Tuesday, March 16, 2021

"Luck" and College Basketball

As we've previously discussed, Kentucky had an incredibly poor record in close games this year.  According to Ken Pomeroy, UK was the 49th best team in the country.  But they had a record of 9-16 because they lost so many close games.  Thus, he ranked them number 354 in the country in terms of "luck," which is his term for why some teams do better (or worse) than their statistics indicate.  Only three teams had a lower "luck" score.  One of them was Murray State, at 356.  Vandy ranked 352.  (Vandy was just about the only team to lose a close game to UK.)  I felt like I spent the whole year watching close losses, and apparently I was right.

Now Pomeroy's quite serious about the use of the term luck.  He argues that a team's past performance in close games is not indicative of how it will do in future close games.  And there are certainly strong points in his favor.  For example, in 2014 UK's luck score was terrible all year.  It finished at 240 in luck even after reaching the NCAA Final.  But I've never seen another UK team play better in late-game situations than those guys did in the NCAA Tournament.  Pomeroy would say that they had bad luck most of the year, and then it evened out.

This year, Western was on the other side of that equation.  The Hilltoppers were 25th in the country in luck, meaning that they were very successful in close games.  They beat Memphis by six.  They beat Alabama by two.  They squeezed out several close wins in the season, including a 64-60 victory over UAB in the C-USA semi-finals.  So when Western was in a late-game situation against North Texas in the final, you had to like their chances.  In fact, the Hilltoppers were up 48-43 with 1:15 left.  At that point, Western had a 95.3 percent chance of victory.  And then their luck turned.  Examples like that are why Pomeroy calls it "luck" instead of something like "close-game success."

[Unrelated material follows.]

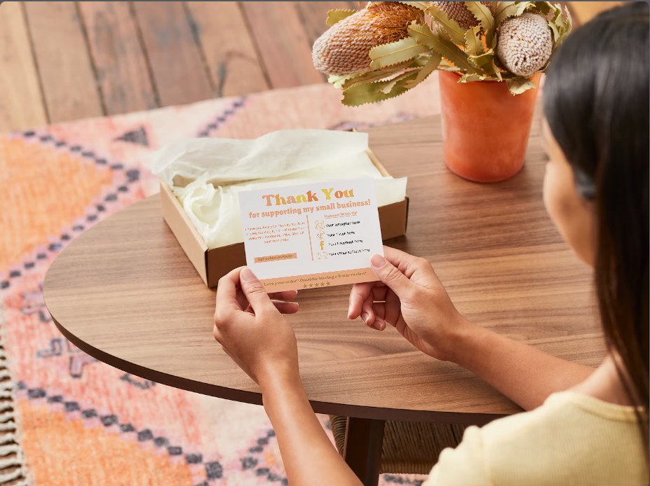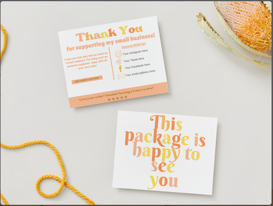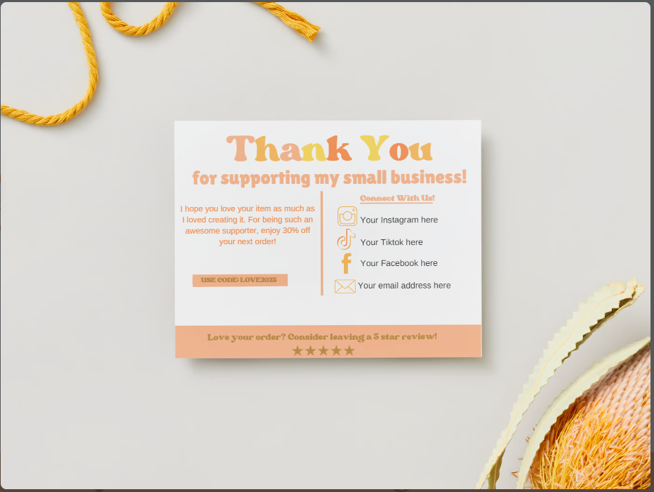 Our easy to customize thank you card template is the perfect way to show your appreciation and encourage repeat business. Add a personal touch by including a discount for their next purchase.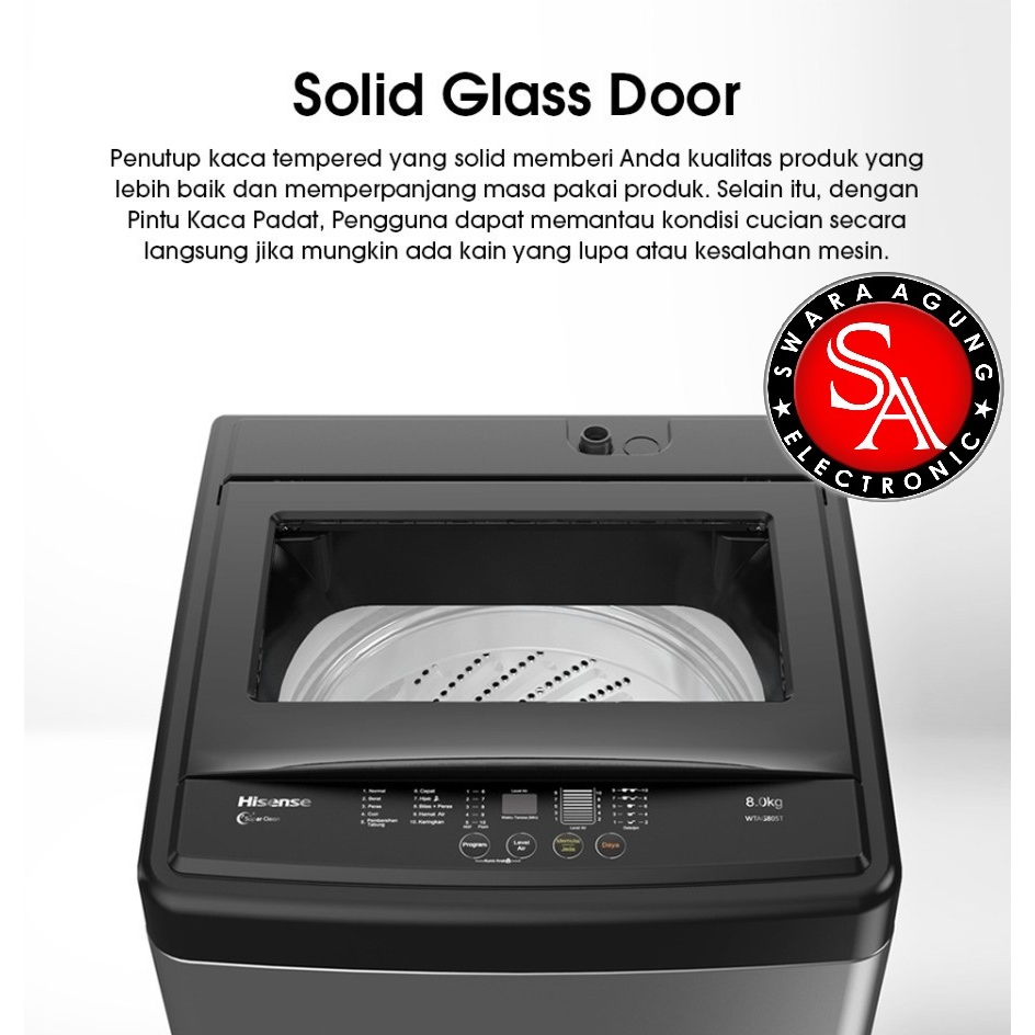 Mesin Cuci Top Loading 8 Kg Hisense Type : WTAG805T - Impeller Kincir Angin 3D - Low Watt ( MEDAN )

But I'm not so sure.  We have data for 12 Calipari teams at UK.  Let's rank them by luck (final four teams in bold):

2010:  Kentucky (35-3) (43d in luck)
2015:  Kentucky (38-1) (68th)
2012:  Kentucky (38-2) (86th)
2019:  Kentucky (30-7) (98th)
2020:  Kentucky (25-6) (130th)
2017:  Kentucky (32-6) (175th)
2013:  Kentucky (21-12) (194th)
2018:  Kentucky (26-11) (199th)
2014:  Kentucky (29-11) (240th)
2011:  Kentucky (29-9) (285th)
2016:  Kentucky (27-9) (288th)
2021:  Kentucky (9-16) (354th)

There are certainly some facts here to support Pomeroy's thesis.  John Wall's team did really well in close games, and then bombed out against West Virginia.  Brandon Knight's team was awful in close games, and then beat OSU and UNC to reach the Final Four.  The 2014 team was unlucky but beat Wisconsin; the 2015 team was lucky but lost to Wisconsin.  

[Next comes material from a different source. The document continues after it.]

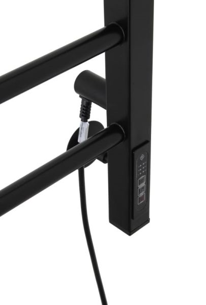 Электрический полотенцесушитель тэном представляет собой современный обогревательный электроприбор из конструкционной стали черном в цвете.Есть возможность скрытого подключения.Устройство потребляет небольшое количество электроэнергии и может работать на протяжении длительного периода времени без отключения от сети; является дополнительным источником отопления в комнате, можно использовать в ванных комнатах для сушки белья, полотенец.

Still, there are patterns.  The "lucky" teams tend to have more veterans, and more talent, than teams that are less fortunate.  The top three teams in luck probably were the three best teams Calipari has had at UK, and those 2019 and 2020 teams are looking better in retrospect as their players do well in the NBA.

We'd have to look at a lot more teams to draw real conclusions here, and the safest thing is probably to trust Pomeroy for the most part.  But I'm struck at how wise the common sense of most fans turns out to be.  For years, the press made fun of UK fans for getting stressed about because we "only" beat (name of poor team) by 10 points.  Now it turns out that the most advanced analytical thinking studies basketball in the same way.  If you're a really good team, you will crush weak teams -- just as we always thought.

On the other hand, fans traditionally believed that teams with big stars like John Wall, Anthony Davis, and Karl-Anthony Towns were more likely to win close games.  They thought that teams with Final Four experience -- like UK in 2012 and 2015 -- would be tougher down the stretch.  And that turns out to be correct as well.

And finally, fans always understood that you should never give up -- that even an unlikely team can go on an amazing run.  As we saw in 2014, that's also true.

So I'm not convinced that it's all luck.  But I do think that Pomeroy has created a useful framework to distinguish between a team's record and its ability.  And that is a very helpful tool.


  1. I think it's a useful tool, too. But it feels to me that what his number measures is not so much luck as how quickly a team's players make decisions and act on them. Kentucky didn't look as unlucky to me this season as it its players didn't seem to know what to do. Amidst the wondering, somebody would take a tentative or impossible shot, or some bad thing would happen to them.

    Darius Miller, one of my absolute favorite Kentucky players of all time, seemed to arrive from Maysville knowing what to do, and then he grew in his time at Lexington into being willing to do it. By the time he left UK, he was a guy who could force his way onto professional-basketball rosters. He has played 267 career NBA games--and counting. That's 44th most in the history of the program. I love Darius Miller.